(Data shown)

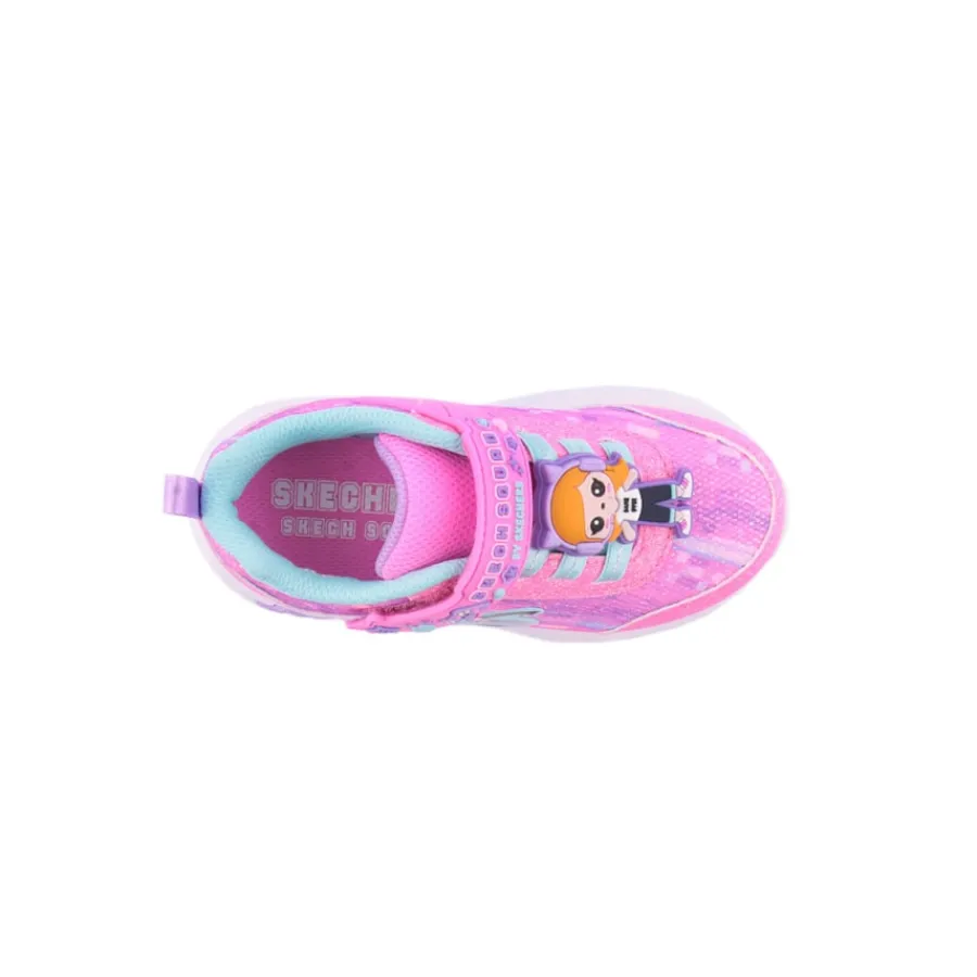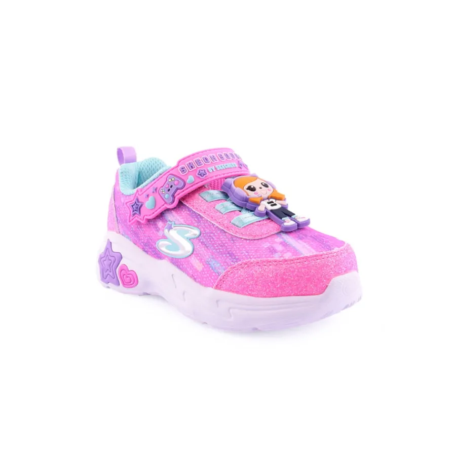 Brilhe e brilhe com seus personagens favoritos do Skech Squad com o Skechers Snuggle Sneaks – Skech Squad. Este design temático de personagem apresenta um cabedal sintético e tecido com acabamento brilhante, cadarços elásticos, pingente de cadarço do personagem, fecho adaptável Skechers e palmilha acolchoada e confortável. Chaveiro bônus do personagem Skech Squad incluído como brinde na compra.
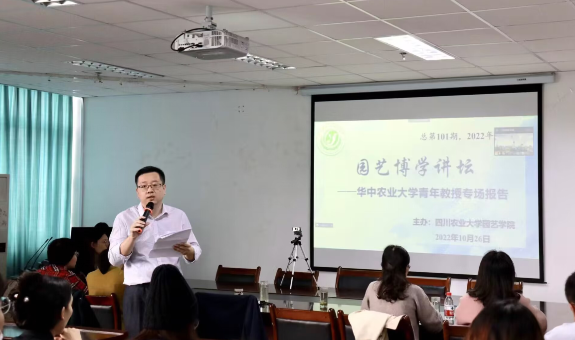 园艺博学讲坛总第101期,2022年第8期华中农业大学青年教授专场报告10月26日下午通过线上和线下相结合的方式开讲。华中农业大学园艺林学学院朱峰研究员、叶杰副教授和郭飞副教授受邀担任主讲人。学院200余名师生聆听报告。
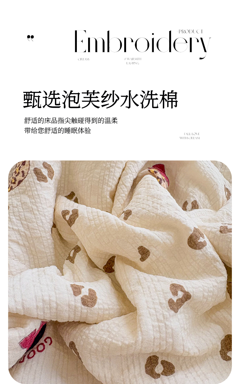 商品名称:铠畅家纺 2026新款泡芙纱水洗棉夏被四件套 奶咖新豹
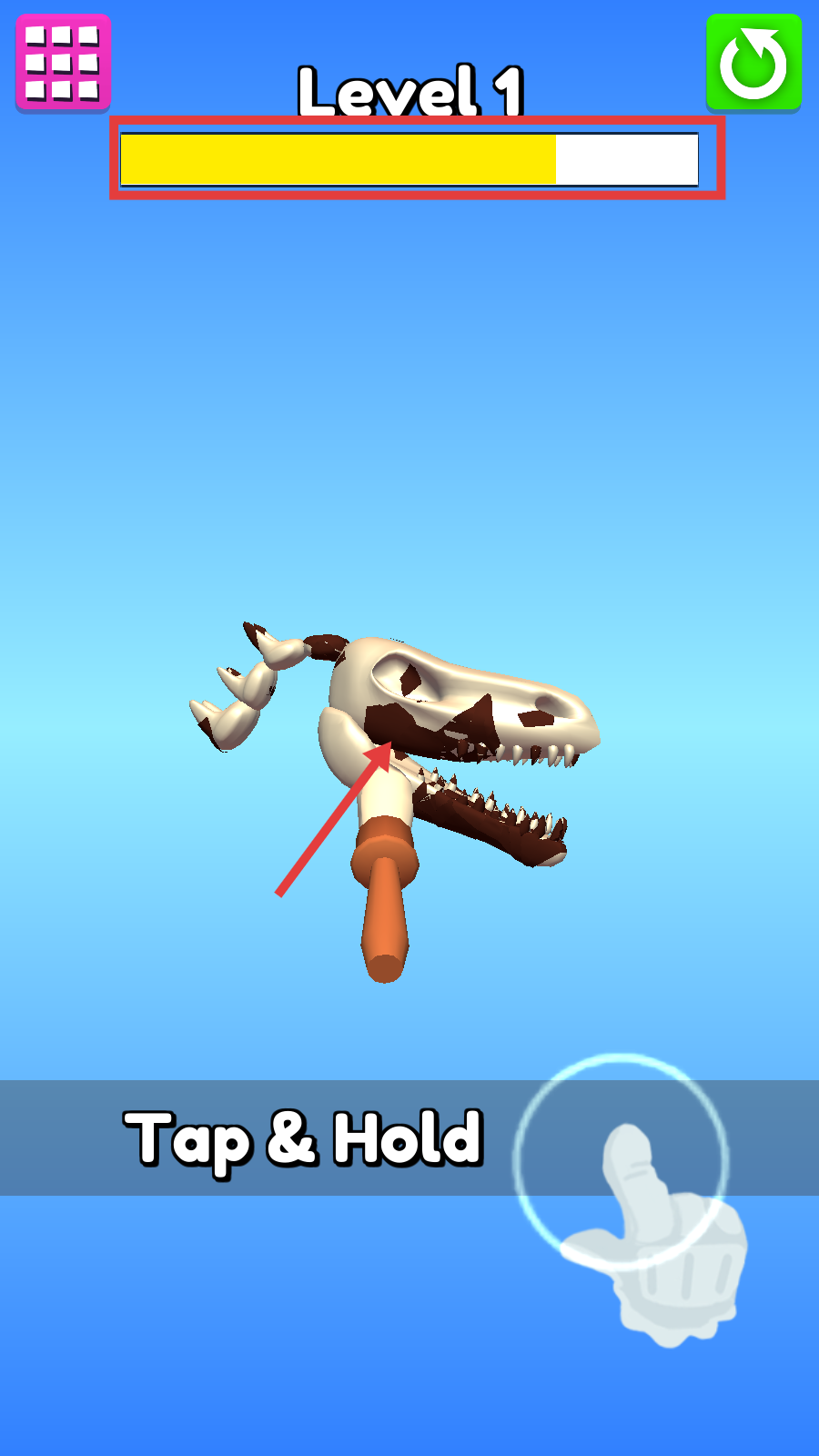 1、开局谨记【Tap-&-Hold】操作,长按屏幕开启游戏进程,推动关卡发展。

(End Data shown)

Your task> Your copy of the material above should be exact and free of pictures.

The completed task>
 Brilhe e brilhe com seus personagens favoritos do Skech Squad com o Skechers Snuggle Sneaks – Skech Squad. Este design temático de personagem apresenta um cabedal sintético e tecido com acabamento brilhante, cadarços elásticos, pingente de cadarço do personagem, fecho adaptável Skechers e palmilha acolchoada e confortável. Chaveiro bônus do personagem Skech Squad incluído como brinde na compra.
 园艺博学讲坛总第101期,2022年第8期华中农业大学青年教授专场报告10月26日下午通过线上和线下相结合的方式开讲。华中农业大学园艺林学学院朱峰研究员、叶杰副教授和郭飞副教授受邀担任主讲人。学院200余名师生聆听报告。
 商品名称:铠畅家纺 2026新款泡芙纱水洗棉夏被四件套 奶咖新豹
 1、开局谨记【Tap-&-Hold】操作,长按屏幕开启游戏进程,推动关卡发展。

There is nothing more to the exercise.